Josef Mengele: Peter
Peter wrote this letter to his absent father, Abraham, on his deathbed on the operating table of Dr. Josef Mengele, who fooled his patients into calling him "Uncle Mengele," in Auschwitz.
March 22, 1945
It has been forever
since I have heard from you. I miss my family. I have not seen you and Mama
for ages, and I don’t think I will ever see you again. I hope that you
are feeling better then I am. It is complete torture here. Kind, smiling Uncle
Mengele was nothing more than a fake. Rachel and I are given daily injections,
of what, I don’t know. It can’t be good though. I feel myself beginning
to weaken. My strength is almost completely gone.
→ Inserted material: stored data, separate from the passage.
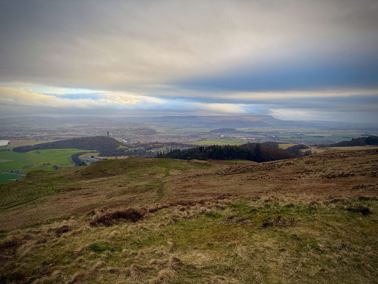 Even the trail conditions were good: better than expected despite a lot of rainfall on Sunday. Halfway up Dumyat, Stirling, at the junction down towards Witches Craig. Stirling Uni and Wallace Monument in the foreground, city of Stirling inc the Castle further back
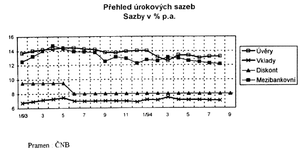 by se měla v roce 1994 pohybovat okolo 13 % p.a., průměrná
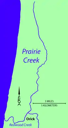 Prairie Creek is the Redwood Creek tributary drainage basin including the inland portion of Prairie Creek Redwoods State Park. Prairie Creek drains southerly through a Plio-Pleistocene non-marine sedimentary and metasedimentary formation to a confluence with Redwood Creek approximately one mile upstream of Orick, California. The southern half of the channel exposes the Franciscan Assemblage and the lower reaches flow through Quaternary alluvium of the Redwood Creek estuarine floodplain. Prairie Creek was closely followed by U.S. Route 101 from Orick to the Klamath River drainage divide.[2] The former highway alignment through the park has been designated the Newton B. Drury Scenic Parkway; through traffic now follows a new alignment along the easterly drainage basin headwall.[3]
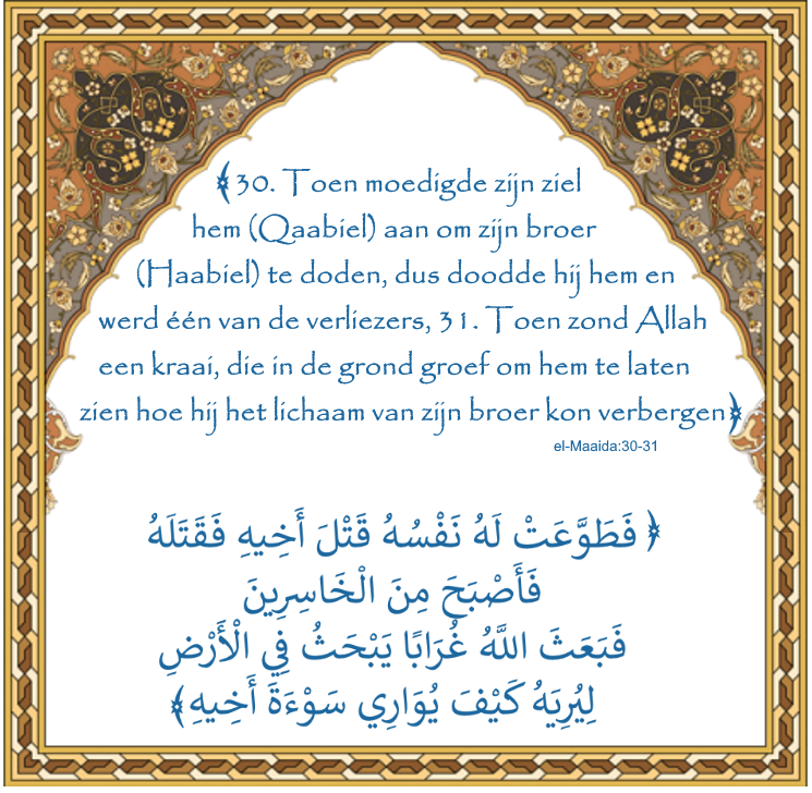 Na deze moord, heeft Allah ﷻ een kraai gestuurd om hem te laten zien hoe om te gaan met een dood lichaam. Omdat niet eerder een mens om het leven kwam, was voor hem niet bekend wat er moest gebeuren met een dood lichaam.

I have nothing left to live for. I barely see Rachel, and almost never speak
with her. “Uncle Mengele” calls my number (156989) twice, sometimes
three times a day. I am practically like his personal guinea pig. Everyday somebody
draws my blood, mostly from my arms, but sometimes from my neck. It is quite
painful. Last week my stomach and internal organs were meticulously dissected
and rearranged. I have not stopped vomiting since. Today chemicals were dropped
into my eyes in an unsuccessful attempt to change the color to blue. Even though
I like my eye color just fine, I hope it changes so the torture will stop. I
don’t think I can take it much longer. I wish the pain would stop. I have
gone almost completely blind in my right eye and now vision in my left is beginning
to become blurry. I really don’t understand “Uncle Mengele’s”
obsession with twins. It seems
that everyone in this laboratory has (or had) a twin.
I have been waiting patiently for some kind of sign, but the future looks bleak and dreary. Please come and save me. I love you.